**Provided data:**
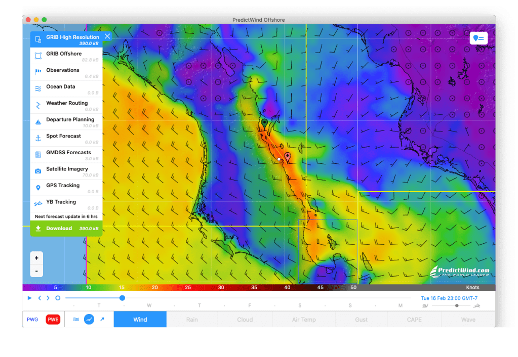 So, I downloaded one of the higher resolution wind forecasts from PredictWind and saw that it did, in fact, predict these localized westerly winds. The model showed the wind we experienced in the morning, and predicted an overnight Westerly in San Evaristo that night. And sure enough, we experienced several hours of 25 knot winds overnight. It was noisy, but since we were protected from the west, we had no waves/swell, and therefore, not a problem. Now we know that it is worth downloading these higher resolution wind forecasts, even though they take about an hour to get at the snail’s pace of the Iridium GO!.
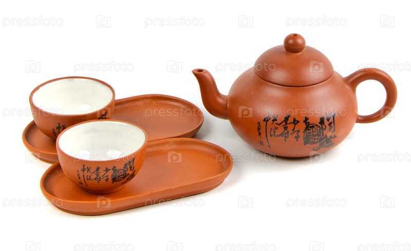 Глиняный чайник с чашками
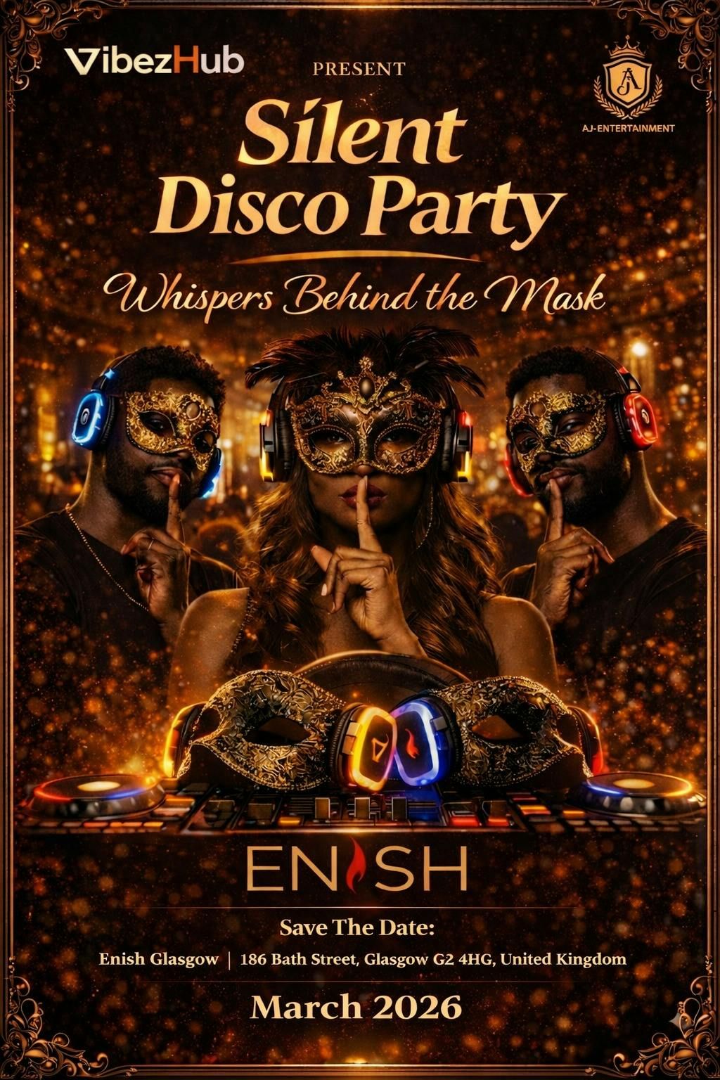 VibezHub in Collaboration with AJ entertainment brings you Whisper Behind the Mask, this is a late-night silent disco built on mystery, attraction, and feeling the moment without saying a word.You walk in masked. Faces are hidden, energy is exposed. The room is quiet, but inside your headphones the music is deep, intimate, and impossible to ignore. People move closer, eye contact lasts longer, and connections happen naturally—no small talk, no pressure.
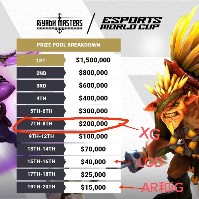 G2xiG和AR,小组赛都没进,垫底,1.5W美金.
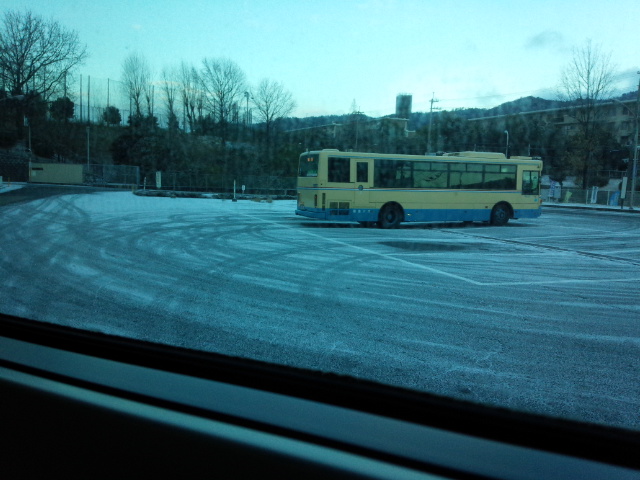 昨夜から降っていた乾いた雪が今朝、道路を白くしていました。我が家からバスターミナルまでいつものクロックスではなくては靴を履いて行きましたが、うすーく積もった雪の方が歩きにくかったです。かなりの冷え込みでいつもより心持ち早めにバスが動いてくれました。
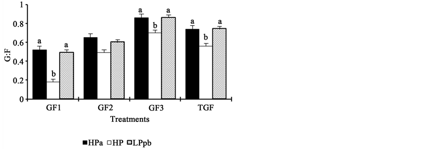 Piglets fed the HPa and LPpb diets showed similar performance parameters (P > 0.05) for all weeks and for the entire experimental period (Figure 2). In contrast, animals fed the HP diet had significantly poorer performance than the other two groups of animals (P < 0.05), except for ADFI during the first week postweaning and G:F during the second week postweaning.
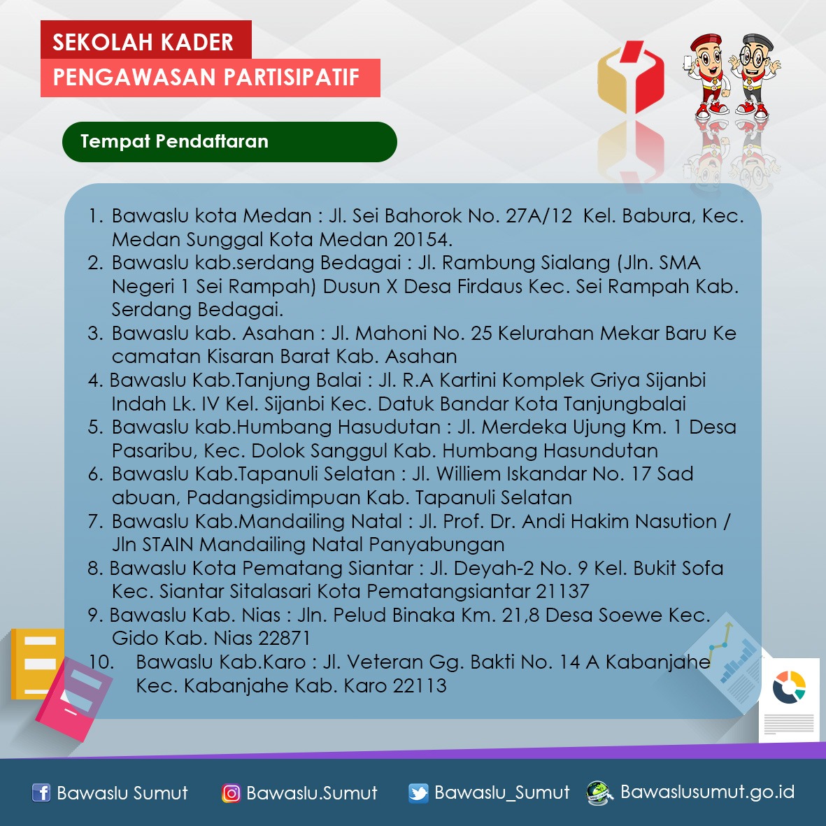 Untuk yang berdomisili di Kota Pematangsiantar bisa mengantarkan berkas pendaftaran di Kantor Bawaslu Kota Pematangsiantar. Untuk seputar informasi lebih lanjut bisa menghubungi Sdr. Ahmad Rizki Sitio (0853-6288-8235).
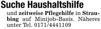 Suche Haushaltshilfeund zeitweise Pflegehilfe in Straubing auf Minijob-Basis. Näheres unter Tel. ***
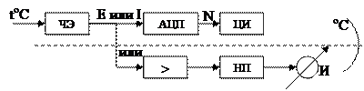 АЦП – Аналогово-цифровой преобразователь ЦИ – цифровой индикатор > – усилитель НП – нормирующий преобразователь И – стрелочный индикатор
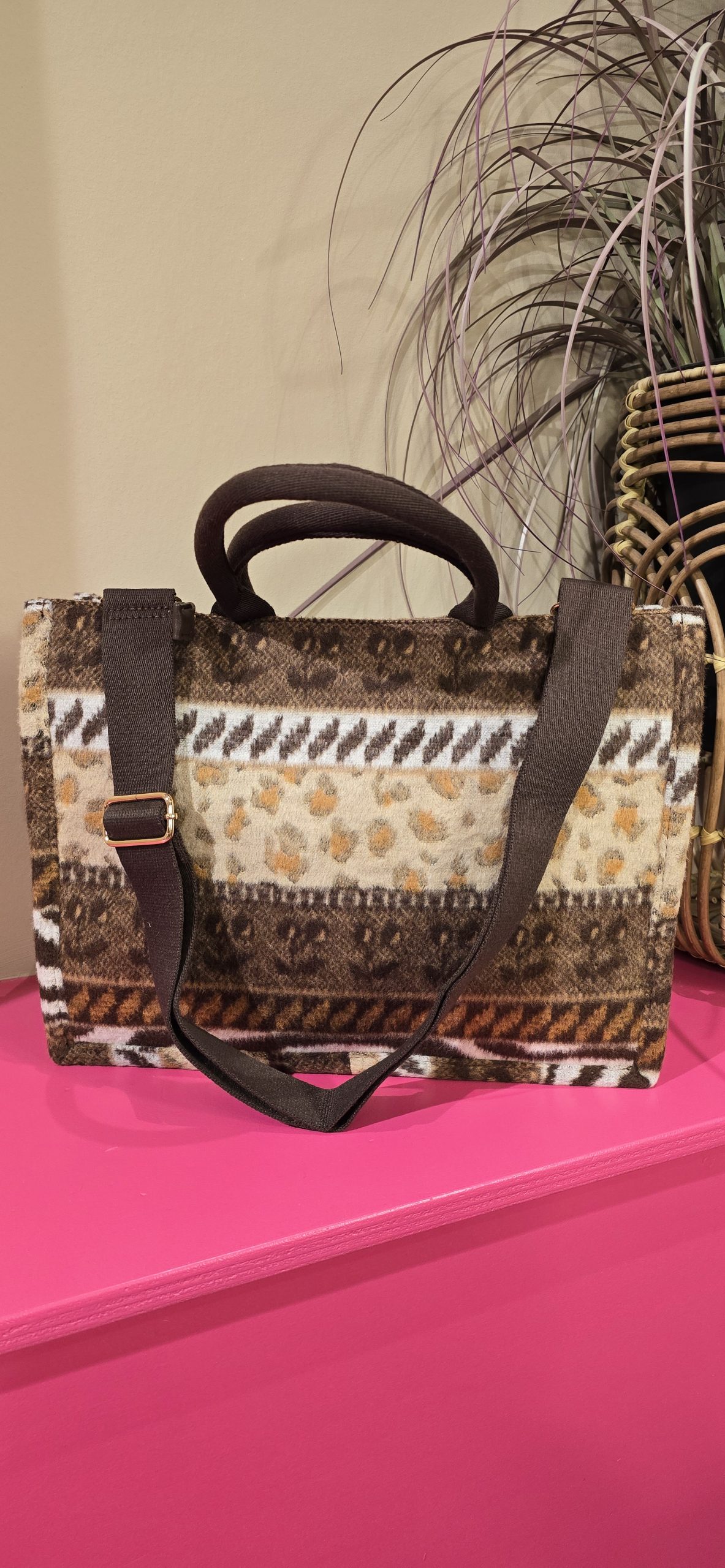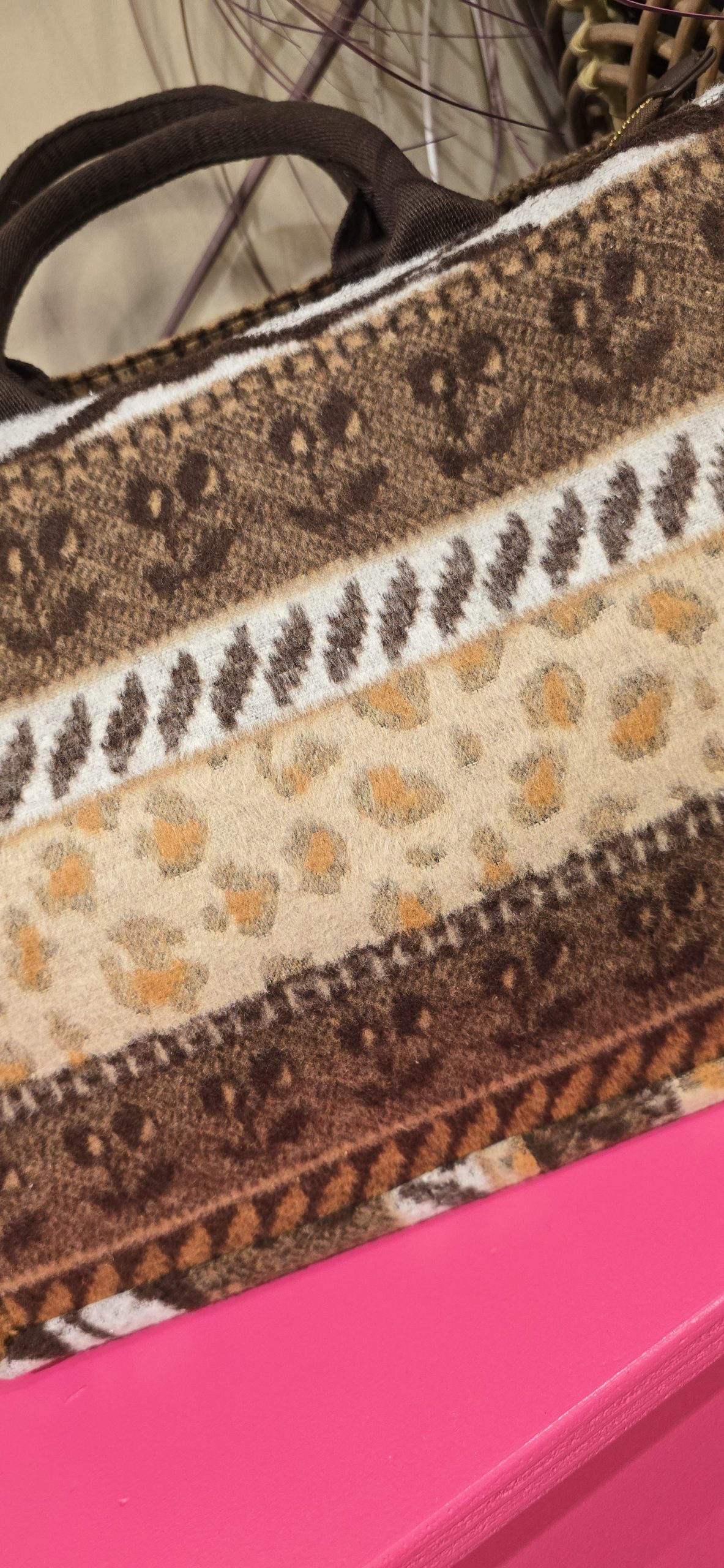 Mooie stevige <tapijt> tas die met een hengsel komt.
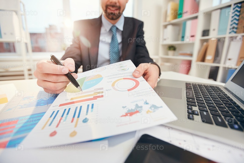 Бизнесмен указывает на статистические данные Closeup
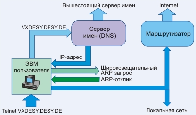 Оглавление: Телекоммуникационные технологии Вперёд: 4.1.1.4. Повторители, мосты, мультиплексоры, переключатели и маршрутизаторы 4.1.1.3. Интернет в EthernetСемёнов Ю.А. (ГНЦ ИТЭФ), book.itep.ruВ Интернет не существует иерархии сетей. Локальная сеть на основе Ethernet, две ЭВМ, связанные через последовательный интерфейс, или общенациональная сеть страны - это все сети и по логике Интернет они все равны. Каждая сеть имеет свое имя и как минимум один IP-адрес. Имя привычнее для людей, адреса - для машин. Между именами и адресами существует строгое соответствие. Для того чтобы пояснить взаимодействие различных систем в сети, рассмотрим сильно упрощенную схему обработки команды telnet vxdesy.desy.de, которая предполагает осуществление удаленного доступа к vx-кластеру в ДЕЗИ, Гамбург (вызов через windows обрабатывается практически аналогично). Сначала ЭВМ выделяет команду telnet и запускает соответствующую программу. Эта программа рассматривает символьный адрес vxdesy.desy.de в качестве параметра команды telnet.
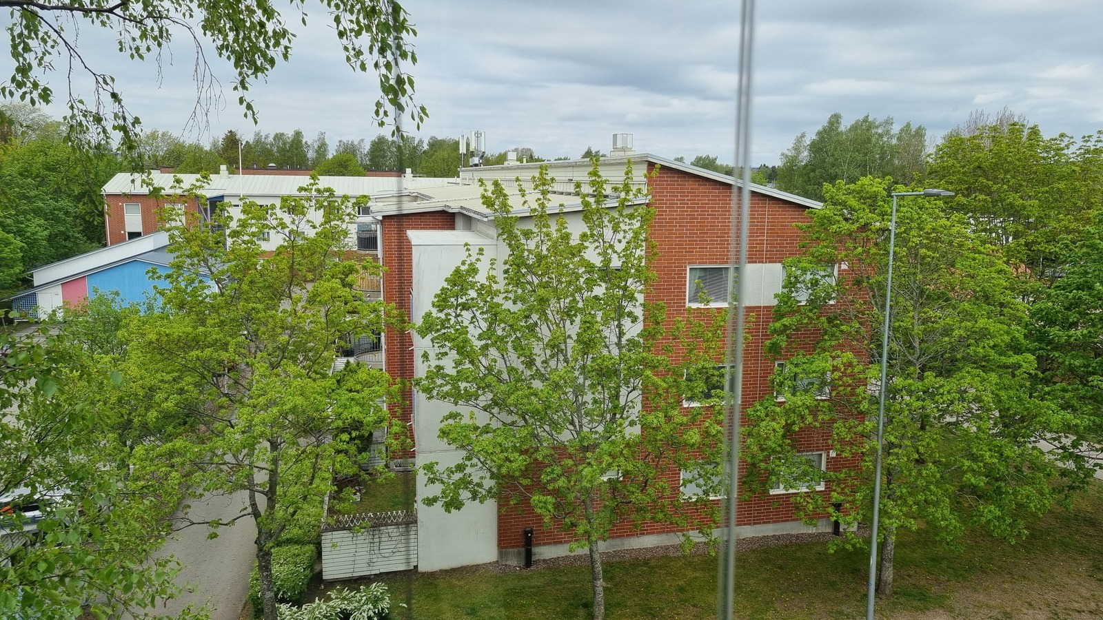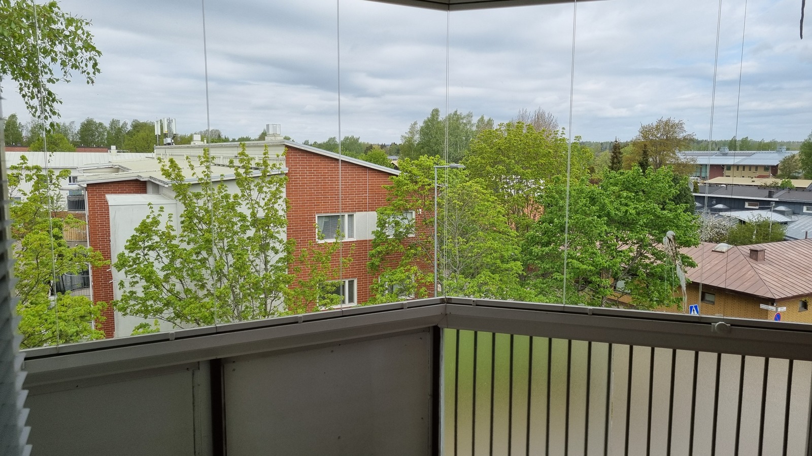 3/3 kerros. Lasitetulta länsiparvekkeelta näkymät viihtyisälle Viertolan pientaloalueelle päin.

**Exercise details:**
Write the data above out again exactly, every line of it, and exclude the pictures.

**Task solution:**
 So, I downloaded one of the higher resolution wind forecasts from PredictWind and saw that it did, in fact, predict these localized westerly winds. The model showed the wind we experienced in the morning, and predicted an overnight Westerly in San Evaristo that night. And sure enough, we experienced several hours of 25 knot winds overnight. It was noisy, but since we were protected from the west, we had no waves/swell, and therefore, not a problem. Now we know that it is worth downloading these higher resolution wind forecasts, even though they take about an hour to get at the snail’s pace of the Iridium GO!.
 Глиняный чайник с чашками
 VibezHub in Collaboration with AJ entertainment brings you Whisper Behind the Mask, this is a late-night silent disco built on mystery, attraction, and feeling the moment without saying a word.You walk in masked. Faces are hidden, energy is exposed. The room is quiet, but inside your headphones the music is deep, intimate, and impossible to ignore. People move closer, eye contact lasts longer, and connections happen naturally—no small talk, no pressure.
 G2xiG和AR,小组赛都没进,垫底,1.5W美金.
 昨夜から降っていた乾いた雪が今朝、道路を白くしていました。我が家からバスターミナルまでいつものクロックスではなくては靴を履いて行きましたが、うすーく積もった雪の方が歩きにくかったです。かなりの冷え込みでいつもより心持ち早めにバスが動いてくれました。
 Piglets fed the HPa and LPpb diets showed similar performance parameters (P > 0.05) for all weeks and for the entire experimental period (Figure 2). In contrast, animals fed the HP diet had significantly poorer performance than the other two groups of animals (P < 0.05), except for ADFI during the first week postweaning and G:F during the second week postweaning.
 Untuk yang berdomisili di Kota Pematangsiantar bisa mengantarkan berkas pendaftaran di Kantor Bawaslu Kota Pematangsiantar. Untuk seputar informasi lebih lanjut bisa menghubungi Sdr. Ahmad Rizki Sitio (0853-6288-8235).
 Suche Haushaltshilfeund zeitweise Pflegehilfe in Straubing auf Minijob-Basis. Näheres unter Tel. ***
 АЦП – Аналогово-цифровой преобразователь ЦИ – цифровой индикатор > – усилитель НП – нормирующий преобразователь И – стрелочный индикатор
 Mooie stevige <tapijt> tas die met een hengsel komt.
 Бизнесмен указывает на статистические данные Closeup
 Оглавление: Телекоммуникационные технологии Вперёд: 4.1.1.4. Повторители, мосты, мультиплексоры, переключатели и маршрутизаторы 4.1.1.3. Интернет в EthernetСемёнов Ю.А. (ГНЦ ИТЭФ), book.itep.ruВ Интернет не существует иерархии сетей. Локальная сеть на основе Ethernet, две ЭВМ, связанные через последовательный интерфейс, или общенациональная сеть страны - это все сети и по логике Интернет они все равны. Каждая сеть имеет свое имя и как минимум один IP-адрес. Имя привычнее для людей, адреса - для машин. Между именами и адресами существует строгое соответствие. Для того чтобы пояснить взаимодействие различных систем в сети, рассмотрим сильно упрощенную схему обработки команды telnet vxdesy.desy.de, которая предполагает осуществление удаленного доступа к vx-кластеру в ДЕЗИ, Гамбург (вызов через windows обрабатывается практически аналогично). Сначала ЭВМ выделяет команду telnet и запускает соответствующую программу. Эта программа рассматривает символьный адрес vxdesy.desy.de в качестве параметра команды telnet.
 3/3 kerros. Lasitetulta länsiparvekkeelta näkymät viihtyisälle Viertolan pientaloalueelle päin.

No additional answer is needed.